#### Provided records:
== Segment start ==

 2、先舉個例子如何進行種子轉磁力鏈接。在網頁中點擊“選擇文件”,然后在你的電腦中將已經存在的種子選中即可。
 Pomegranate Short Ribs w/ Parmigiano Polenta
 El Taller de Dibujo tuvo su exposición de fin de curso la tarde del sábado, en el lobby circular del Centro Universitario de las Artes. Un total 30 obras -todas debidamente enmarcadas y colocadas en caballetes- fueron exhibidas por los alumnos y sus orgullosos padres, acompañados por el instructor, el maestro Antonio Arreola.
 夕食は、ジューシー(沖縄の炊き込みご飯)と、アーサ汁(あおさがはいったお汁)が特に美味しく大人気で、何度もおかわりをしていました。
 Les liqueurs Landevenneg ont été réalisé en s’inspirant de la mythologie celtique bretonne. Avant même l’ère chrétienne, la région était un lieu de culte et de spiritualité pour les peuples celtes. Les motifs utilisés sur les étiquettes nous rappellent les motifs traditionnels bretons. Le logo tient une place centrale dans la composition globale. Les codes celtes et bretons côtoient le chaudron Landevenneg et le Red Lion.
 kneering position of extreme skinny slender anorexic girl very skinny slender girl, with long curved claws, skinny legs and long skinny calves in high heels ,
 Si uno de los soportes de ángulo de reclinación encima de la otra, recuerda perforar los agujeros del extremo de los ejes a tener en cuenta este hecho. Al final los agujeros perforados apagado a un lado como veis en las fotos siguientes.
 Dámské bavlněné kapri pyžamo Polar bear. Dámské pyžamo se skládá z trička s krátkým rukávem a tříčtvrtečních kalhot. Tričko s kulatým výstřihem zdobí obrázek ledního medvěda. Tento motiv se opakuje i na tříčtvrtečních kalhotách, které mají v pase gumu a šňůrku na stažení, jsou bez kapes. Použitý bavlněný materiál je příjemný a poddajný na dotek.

== Segment end ==
== Segment start ==

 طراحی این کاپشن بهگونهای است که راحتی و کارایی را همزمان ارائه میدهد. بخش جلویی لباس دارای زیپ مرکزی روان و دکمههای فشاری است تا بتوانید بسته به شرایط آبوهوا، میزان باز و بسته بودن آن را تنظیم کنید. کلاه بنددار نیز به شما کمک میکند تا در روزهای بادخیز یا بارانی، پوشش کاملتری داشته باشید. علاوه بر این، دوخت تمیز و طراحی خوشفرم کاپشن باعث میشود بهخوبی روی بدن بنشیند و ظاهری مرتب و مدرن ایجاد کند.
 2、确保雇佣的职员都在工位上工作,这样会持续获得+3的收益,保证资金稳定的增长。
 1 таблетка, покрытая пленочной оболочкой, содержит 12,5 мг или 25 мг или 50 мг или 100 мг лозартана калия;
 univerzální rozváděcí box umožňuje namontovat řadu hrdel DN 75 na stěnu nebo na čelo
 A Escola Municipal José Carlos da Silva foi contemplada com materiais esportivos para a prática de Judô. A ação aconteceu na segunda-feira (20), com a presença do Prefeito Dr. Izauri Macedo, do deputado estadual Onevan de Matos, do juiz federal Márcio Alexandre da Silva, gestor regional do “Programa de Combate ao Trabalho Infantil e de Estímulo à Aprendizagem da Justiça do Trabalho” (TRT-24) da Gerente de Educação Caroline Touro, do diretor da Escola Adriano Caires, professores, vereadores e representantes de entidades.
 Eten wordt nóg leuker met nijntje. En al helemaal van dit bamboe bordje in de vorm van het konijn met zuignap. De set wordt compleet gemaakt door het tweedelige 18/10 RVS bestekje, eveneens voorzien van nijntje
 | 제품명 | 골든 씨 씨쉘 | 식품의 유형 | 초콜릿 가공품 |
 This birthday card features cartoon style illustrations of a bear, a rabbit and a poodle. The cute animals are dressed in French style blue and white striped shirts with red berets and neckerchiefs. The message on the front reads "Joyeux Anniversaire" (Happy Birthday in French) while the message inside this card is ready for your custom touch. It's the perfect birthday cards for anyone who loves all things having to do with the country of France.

== Segment end ==
== Segment start ==

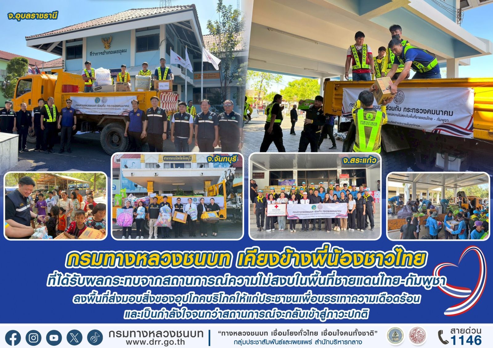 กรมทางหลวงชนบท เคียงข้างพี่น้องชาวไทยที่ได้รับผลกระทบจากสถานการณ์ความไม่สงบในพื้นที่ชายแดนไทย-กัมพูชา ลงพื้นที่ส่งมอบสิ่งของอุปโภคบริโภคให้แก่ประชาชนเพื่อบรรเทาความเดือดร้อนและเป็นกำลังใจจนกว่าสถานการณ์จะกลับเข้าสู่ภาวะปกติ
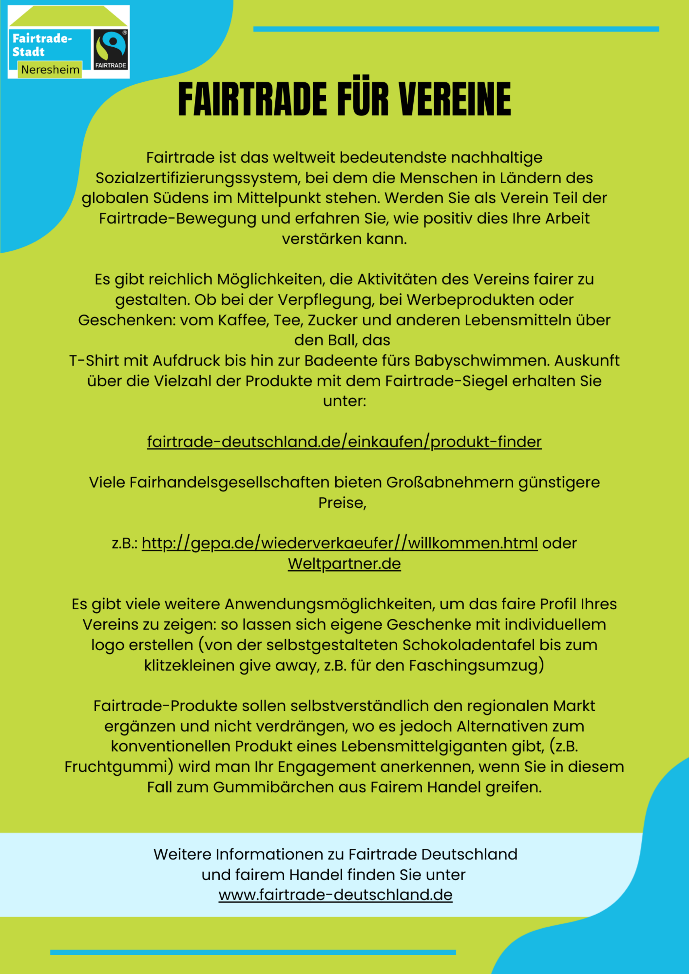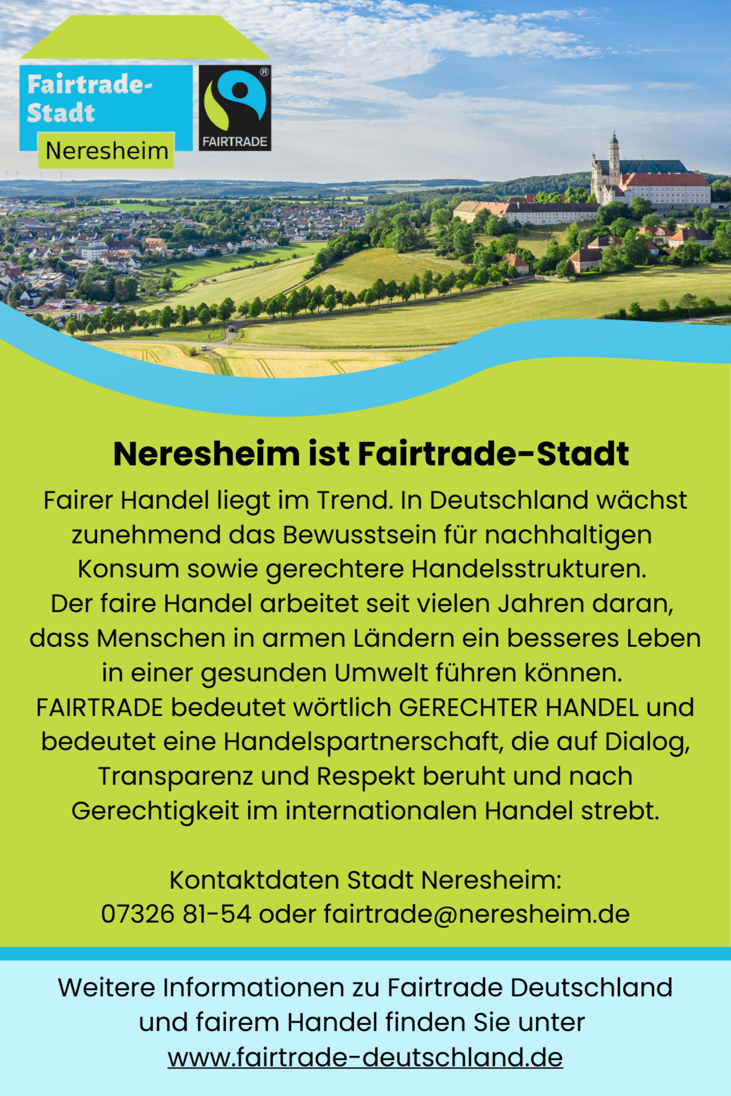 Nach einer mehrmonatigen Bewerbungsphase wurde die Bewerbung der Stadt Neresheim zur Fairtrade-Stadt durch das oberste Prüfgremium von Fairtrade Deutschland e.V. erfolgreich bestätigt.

== Segment end ==

#### Prompt:
Extract exactly and only the lines above from the line containing "2、先舉個例子如何進行種子轉" through the line containing "El Taller de", both end lines included.

#### Task output:
 2、先舉個例子如何進行種子轉磁力鏈接。在網頁中點擊“選擇文件”,然后在你的電腦中將已經存在的種子選中即可。
 Pomegranate Short Ribs w/ Parmigiano Polenta
 El Taller de Dibujo tuvo su exposición de fin de curso la tarde del sábado, en el lobby circular del Centro Universitario de las Artes. Un total 30 obras -todas debidamente enmarcadas y colocadas en caballetes- fueron exhibidas por los alumnos y sus orgullosos padres, acompañados por el instructor, el maestro Antonio Arreola.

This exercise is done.